Software engineering
- Accelerating code generation, debugging, test creation, and documentation.
- Examples: GitHub Copilot, Amazon CodeWhisperer, and Sourcegraph’s Cody, Cursor (AI-powered IDE).
Marketing & sales
- Producing personalised campaigns, product descriptions, and lead-qualification tools.
- Examples: Jasper AI, Copy.ai, HubSpot’s AI sales email generator.
Content creation & media
- Assisting writers, designers, and video producers with ideation and production.
- Examples: Midjourney and Stable Diffusion for images, Runway ML and Pika Labs for video, ChatGPT for drafting blog posts.
Healthcare & life sciences
- Supporting clinicians with note summarisation, research, and drug discovery.
- Examples: Google DeepMind’s AlphaFold, Microsoft + Epic’s AI for EHRs, Nuance’s Dragon Medical One.
Finance & banking
- Automating reporting, analysing risks, and improving customer engagement.

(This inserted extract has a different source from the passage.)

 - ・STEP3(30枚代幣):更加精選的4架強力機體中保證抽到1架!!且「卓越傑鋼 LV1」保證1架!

- Examples: Klarna’s AI shopping assistant, JP Morgan’s AI contract review, BloombergGPT.
Education & training
- Powering personalised tutoring and lesson planning.
- Examples: Khan Academy’s Khanmigo, Duolingo Max, and Quizlet AI tutor.
Legal & compliance
- Drafting contracts, summarising case law, and compliance monitoring.

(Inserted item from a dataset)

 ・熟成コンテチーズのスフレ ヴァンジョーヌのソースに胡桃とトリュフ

- Examples: Harvey AI (used by firms like Allen & Overy), Klarity AI.
Workplace productivity & collaboration
- Acting as copilots for knowledge workers: summarising meetings, drafting documents, automating workflows, and supporting team communication.
- Examples: Worknet.ai, Notion AI, Microsoft Copilot for Teams, Slack AI, Claude (Anthropic).
It’s worth noting that some of the systems above (e.g. Claude, Worknet.ai, GitHub Copilot…) are already evolving beyond pure Generative AI. They don’t just generate outputs — they can reason about tasks, take context into account, and act more autonomously.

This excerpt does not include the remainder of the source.